The circle in the diagram has centre \(C\). Three angles \(\alpha, \beta, \gamma\) are also indicated.
The angles \(\alpha,\beta, \gamma\) are related by the equation:
\(\cos \alpha = \sin (\beta + \gamma)\),
\(\sin \beta = \sin \alpha \sin \gamma\),
\(\sin \beta (1 − \cos \alpha) = \sin \gamma\),
\(\sin (\alpha + \beta) = \cos \gamma \sin \alpha\).
Let’s give the vertices in the diagram some names. We’ll call the vertex of angles \(\alpha\) and \(\beta\), \(A\), and the vertex of angle \(\gamma\), B.
We’ll also draw in the radius between C and the tangent - they’ll be perpendicular at the point of contact.
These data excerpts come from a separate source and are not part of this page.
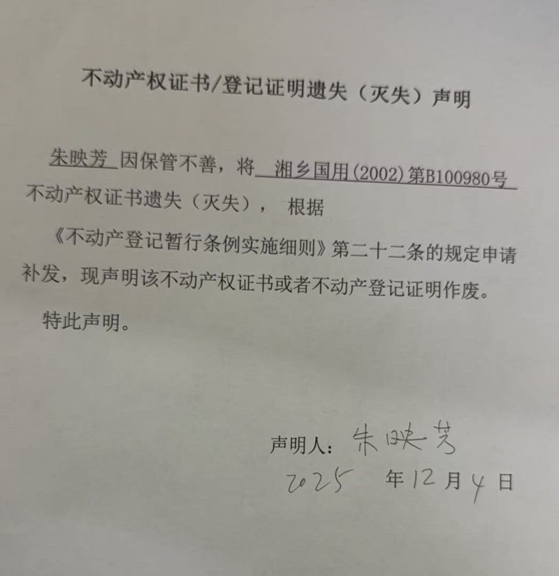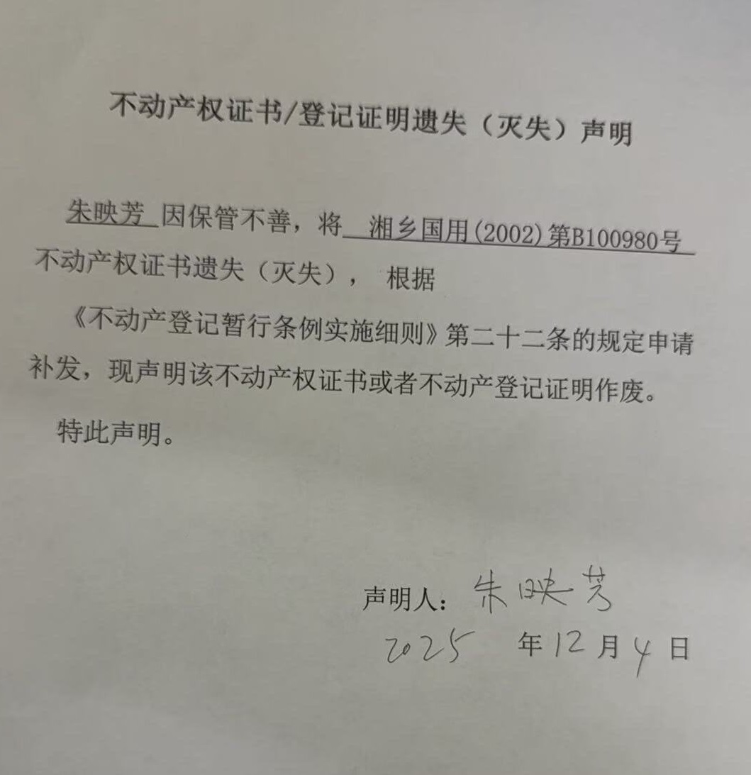 索引號:4303000006/2025-1404854 發布機構:不動產信息公開 發布目錄:不動產登記公告
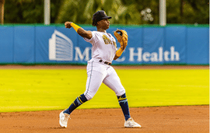 The 19-year-old GreenJackets shortstop singled with one out in the fifth inning for his third hit of the game. He quickly stole second base and advanced to third on a throwing error by catcher Bryan Broecker. Ryan Spikes threw home on Cam Magee’s grounder to second, but the throw was too late and Augusta had a 3-0 advantage.
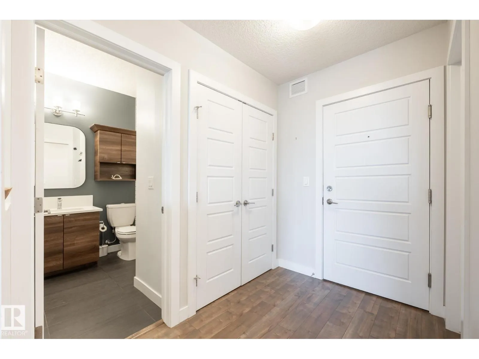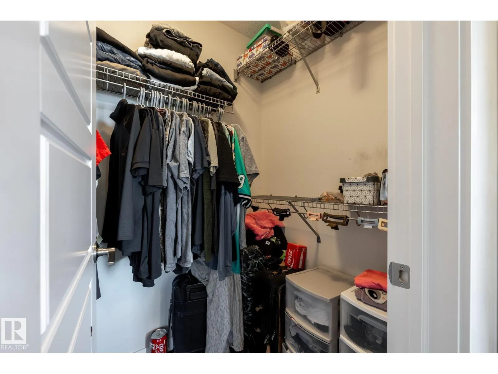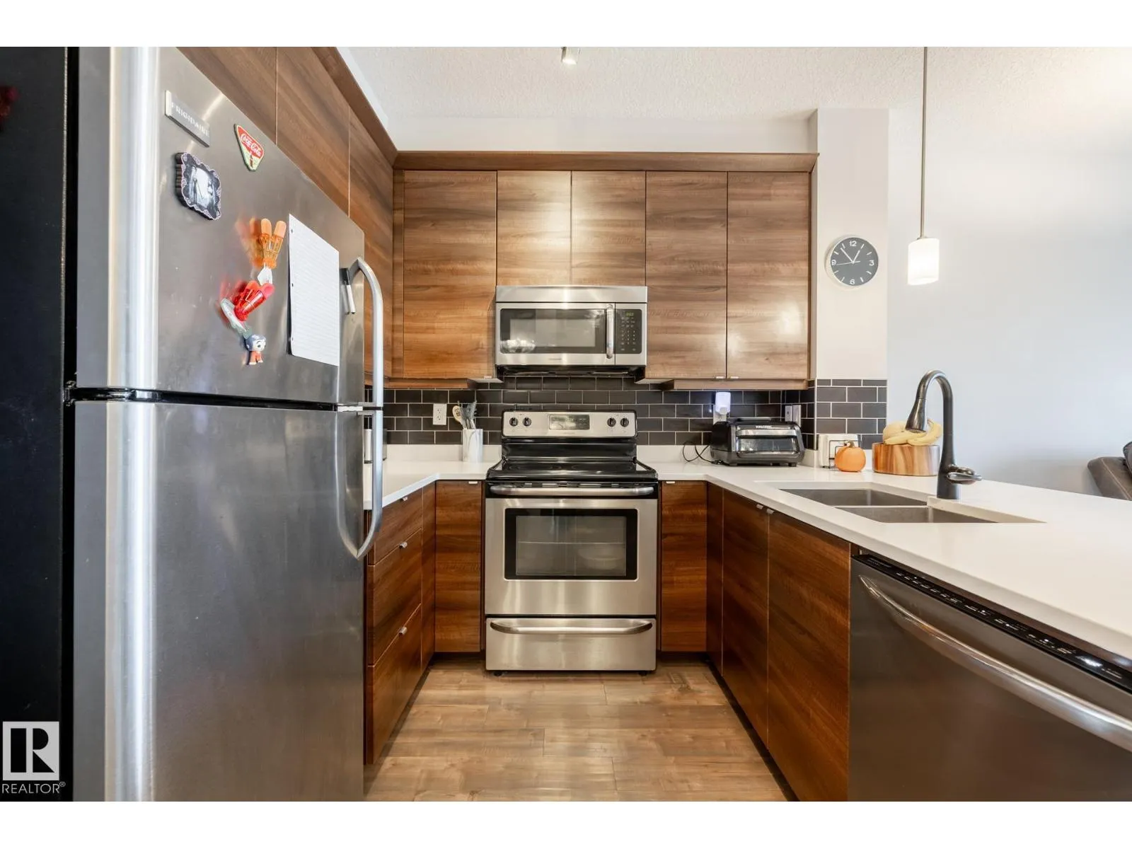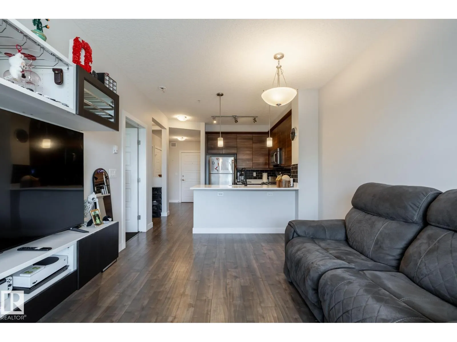 Welcome to life at The Ion in Ambleside, one of SW Edmontonâs most loved communities, where you can enjoy trails and parks right outside your door along with endless shopping + dining at the Currents of Windermere. This recently updated 2nd-floor condo feels bright and inviting with 9-foot ceilings, engineered hardwood floors & a seamless open layout. The updated kitchen shines with white quartz counters, while the bathroom carries the same elevated finishes + a modern tile surround. Your east-facing patio offers leafy views + a perfect sense of privacy. The bedroom is spacious with a walk-in closet, the laundry room has extra storage, and the built-in desk is ideal for work-from-home days. With heated underground parking, a storage unit, and building amenities including a gym, social room, picnic gazebo, and BBQ gas line, this home truly offers the full package. Perfect for a first home, a stylish downsize, or as an investment property - currently rented at $1550 per month. An incredible opportunity! (id:27476)

We’ll call this point \(D\).
By looking at the right-angled triangle \(ACD\), we can see that the length of \(AC = x = \dfrac{r}{\sin \alpha}\), so \(r = x\sin\alpha\).
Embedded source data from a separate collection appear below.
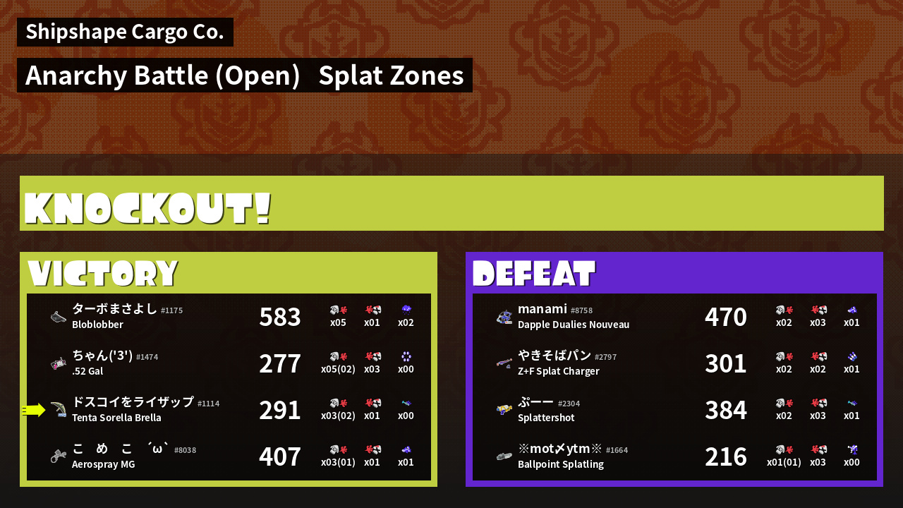 | Mode | Splat Zones - Anarchy Battle (Open) |
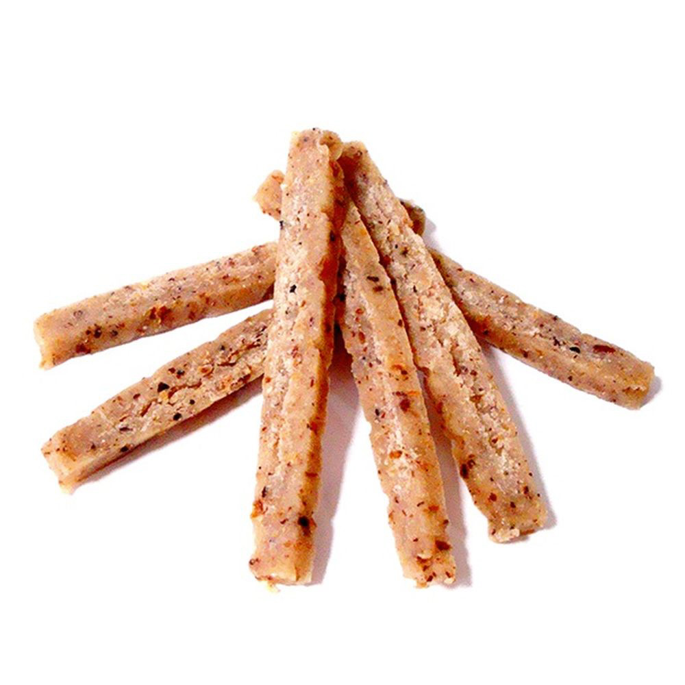 ・かつお節の風味が利いた白身魚ベースのおやつです。新素材のホワイトソルガムは白高キビです。鶏と小麦は使用しておりませんので、食物アレルギーの気になるワンちゃんにもおススメ。
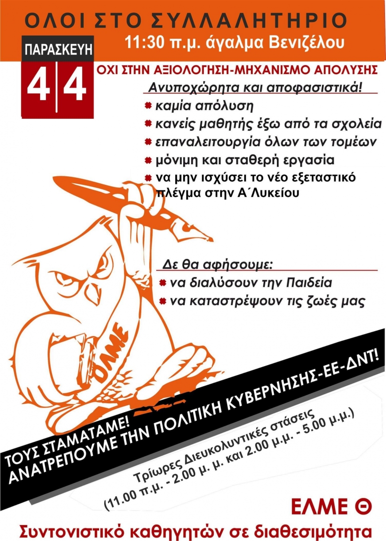 Ολοι στο συλλαλητήριο στις 11:30 στο άγαλμα Βενιζέλου την Παρασκευή 4 Απριλίου 2014. Οχι στην αξιολόγηση και μηχανισμό απόλυσης. Ανυποχώρητα και αποφασιστικά.
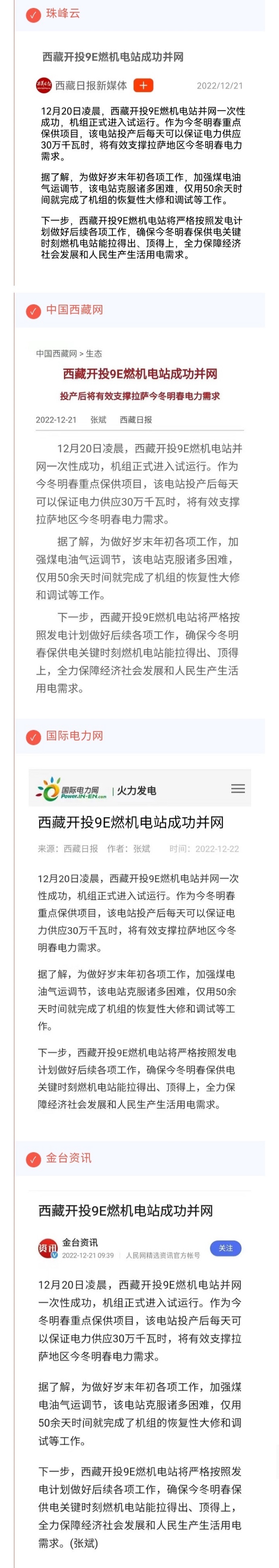 西藏衛(wèi)視(西藏新聞聯(lián)播)、珠峰云、中國(guó)西藏網(wǎng)、國(guó)際電力網(wǎng)及金臺(tái)資訊等媒體報(bào)道西藏開(kāi)投9E燃機(jī)電站成功并網(wǎng)
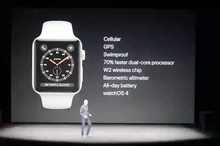 让我们盘点一下 Apple Watch 发布的时间表:2014 年 9 月,苹果发布了 Apple Watch 一代(次年 4 月正式发售),2016 年 9 月 Apple Watch Series 1/Series 2 同步发售,2017 年 9 月 Apple Watch Series 3 发售。
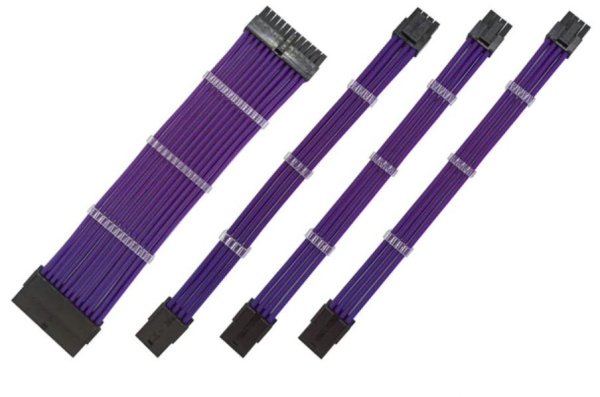 —Комплект удлинителей питания материнской платы, процессора, видеокарты, 0.3м, фиолетовый
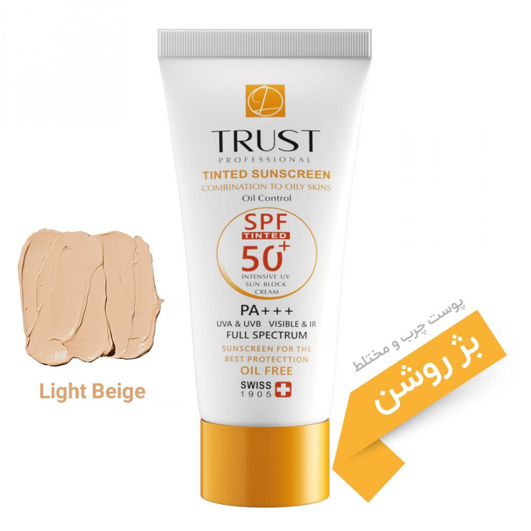 کرمهای ضدآفتاب رنگی تراست با SPF50+ از مرغوبترین و جدیدترین مواد اولیه موثره دارای حداکثر حفاظت دربرابر پرتوهای مضر خورشید ساخته شدهاند؛ این کرم با وجود بهرهمندی از بافتی سبک، دربرابر آسیبهای وارده توسط نور خورشید به خوبی از پوست محافظت و با مهار رادیکالهای آزاد از تخریب سلولهای پوستی جلوگیری میکند. همچنین با مصرف این محصول، بدون بسته شدن منافذ پوستی و ایجاد خلل در تنفس سلولهای پوستی، ضمن کنترل چربی، پوستتان آبرسانی میشود.

Now we can apply the sine rule to the triangle \(ABC\) to give \[\frac{\sin \beta}{r}=\frac{\sin \gamma}{x},\] so \[x\sin\beta = r\sin\gamma \implies x\sin\beta = x\sin\alpha\sin\gamma.\]
So on cancelling \(x\) we have \[\sin \beta = \sin \alpha \sin \gamma,\] and the answer is (b).